I was prepped for c-section and my family was called.

Hearing the cries of my babies for the first time is by far the best sound I have ever heard in my entire life.   Every cell of my body was on a pivot....a pause....until I heard.   They cried and they were alive and they can breathe!   Clara was born first and the doctor waited a minute to deliver Ellie so she would have her own separate birth time.  I was quickly shown their faces before they were whisked away to the NICU for immediate care.  The remainder of the c-section (sewing up) and the recovery room are a blur to me.   When I woke up, I was brought up on my gurney/stretcher thing to see my babies in the NICU.   I was so weak, I could not hold them but my partner and nurses helped support them as they were brought close so I could meet them for the very first time.

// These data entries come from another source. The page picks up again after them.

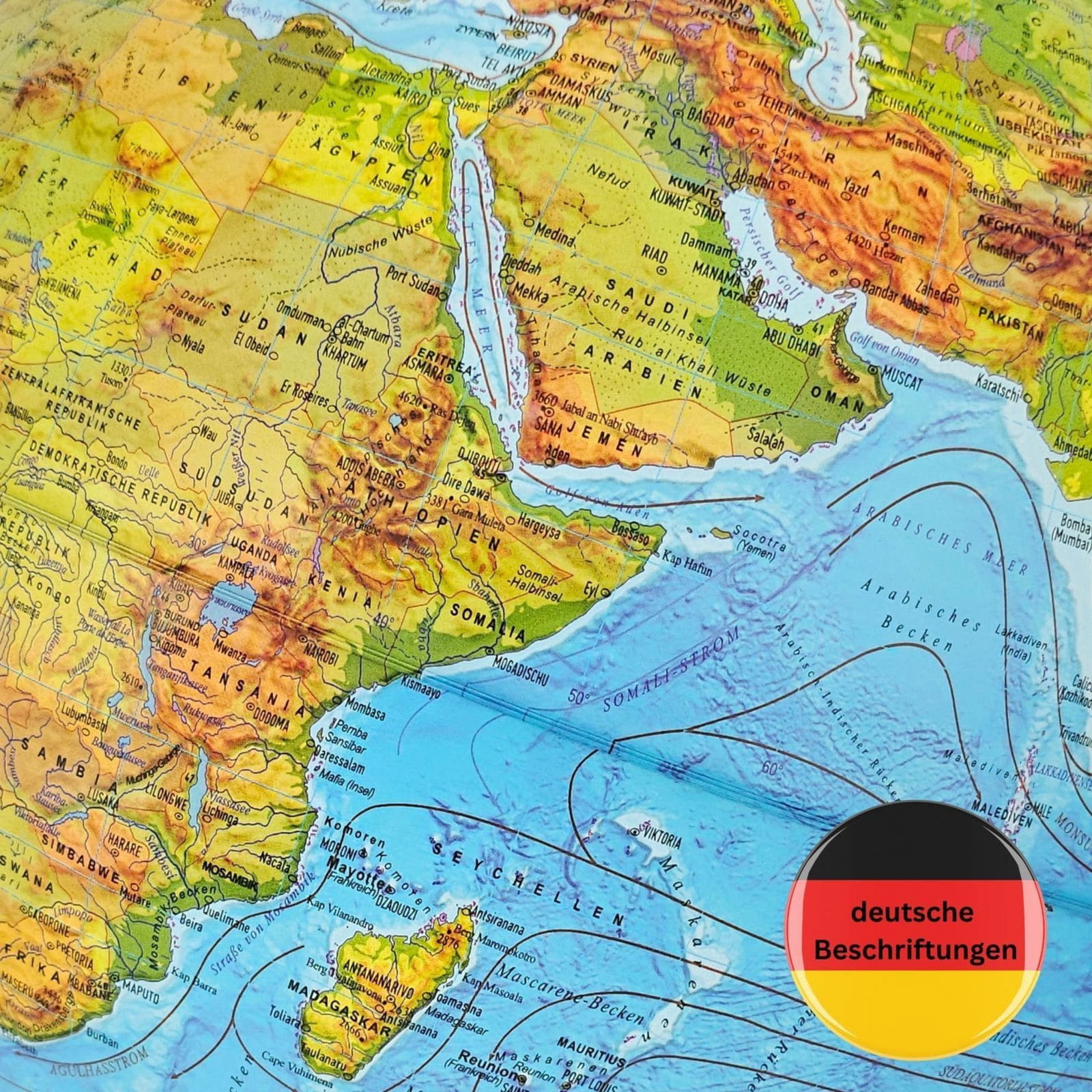 Wenn die jungen Entdecker mit ihren Händen über die Kugel streichen, spüren sie dank der ausgeprägten 3D-Reliefoberfläche die Erhebungen mächtiger Gebirgszüge. Dieses taktile Erlebnis hilft dabei, sich geografische Strukturen viel besser einzuprägen, da das Wissen buchstäblich begreifbar wird. Im unbeleuchteten Zustand zeigt der Globus ein detailliertes physisches Kartenbild der Land- und Wassermassen unserer Erde. Alle Länder, Kontinente und Ozeane sind mit einer klaren, deutschen Beschriftung versehen, was den Einstieg in das Thema für die Kinder besonders leicht und verständlich macht. Sie lernen, wo große Wüsten liegen, wie weit Ozeane reichen und wo sich ihr eigenes Heimatland befindet.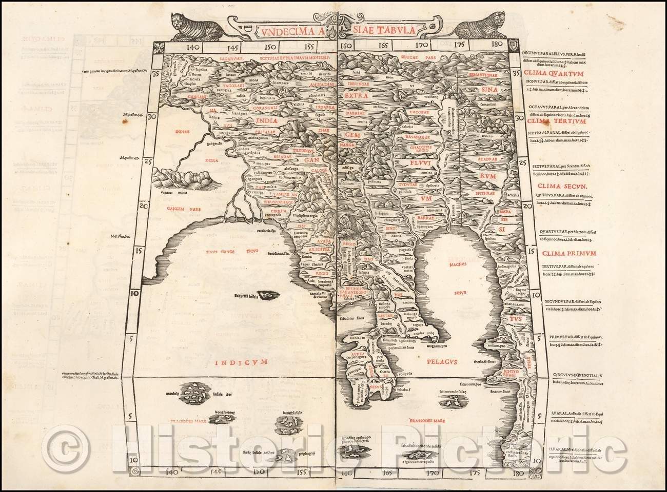 Historic Map - Undecima Asiae Tabula [India, Southeast Asia] / Sylvanus' Map of Southeast Asia, China, India, and adjoining Regions, 1511, Bernardus Sylvanus - Vintage Wall Art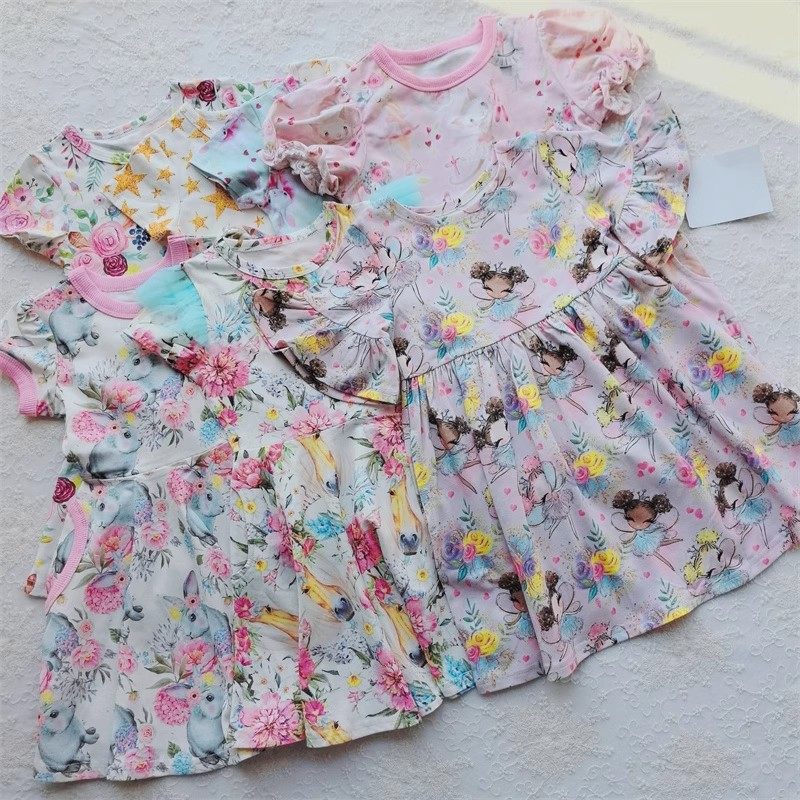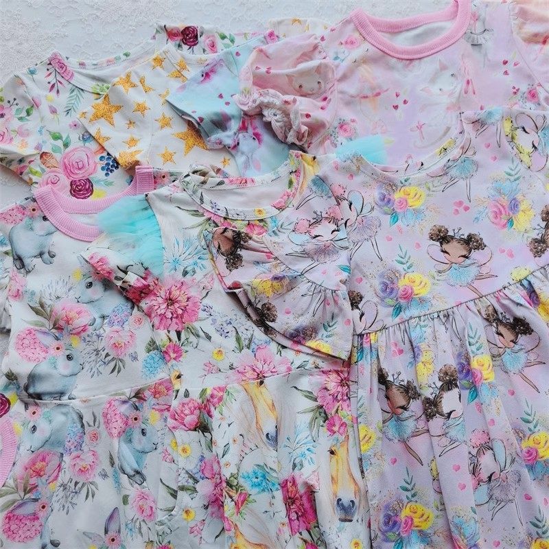 短袖连衣裙系列~澳R家 女中小童3-7岁花朵五角星女孩大裙摆连衣裙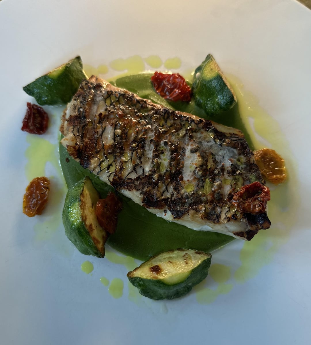 2. Montauk bass, zucchini, lemongrass foam, roasted peppers, zucchini puree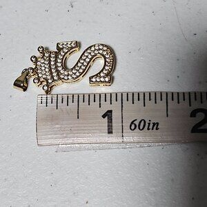 Elegant Stylish S Initial Crown Pendant Charm Cubic Zirconia Gold-Plated Jewelry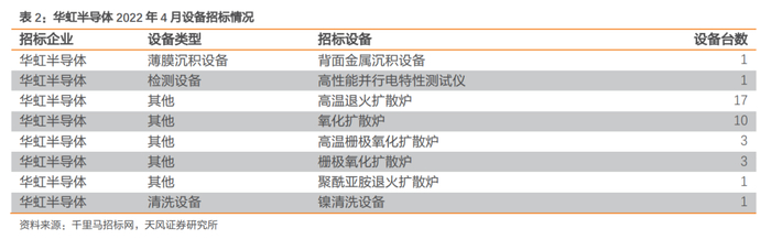 华虹半导体4月共招标37台设备,其中刻蚀设备、氧化扩散设备、退火设备采购数量最大。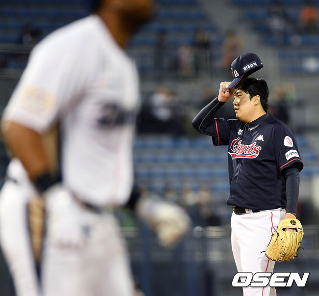 이후 나성범에게 2S를 먼저 잡은 뒤에는 몸에 맞는 공을 허용하면서 밀어내기 사구로 추가 실점했다. 분위기는 싸늘해졌다. 이후 스크럭스에게도 조정훈은 밀어내기 볼넷을 내줬다.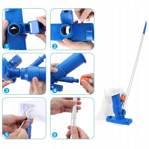 ➤Została zaprojektowana z 5-sekcyjnymi kijkami, jej dno wyposażone jest w 3 szczotki i 2 kółka. Unikalny design, łatwy do czyszczenia i przenoszenia. Idealny do czyszczenia basenów, spa, jacuzzi, stawów i fontann itp. Oszczędza wodę, nie ma potrzeby opróżniania basenu w celu czyszczenia.

Seeing my children so small, so real, so in need of constant care was quite a startling reality and one the would continue to unfold for the entire first year of their lives.   The machines, IVs, tubes, wires, the beeping, the measuring all merged together to be the backdrop to my new role as a mother.   I felt like an outsider looking in, useless to my babies when every fiber within me wanted to just scoop them up and hold them.  

They stayed in the NICU for a month, which is very good for infants born at 32 weeks.   What took the longest was their ability to regulate their own temperatures.   Being a new parent through the NICU is an experience that you would not want first hand experience with.   The alienation, fear and anxiety that ride your back everyday is overwhelming and terrifying.  You worry about everything from the way you hold them, to the possible germs on your clothes, if your voice is too loud, if that beeping you hear means your baby is in danger, the nurses are hovering around you like vultures making sure you aren't going to fuck something up.   Even something as simple as the desire to hold your baby must be only at specific times and if permission is granted, otherwise, your interaction is simply viewing them from outside their incubator.  
We brought them home on July 4th, Clara and Ellie's personal independence day.  And as much as I would love to narrate the tale of their life at home, this is the story of their birth and my birth as a mother.   We three have grown so much in these eight years we have had together and I honor their existence every day.   They truly are my little miracles.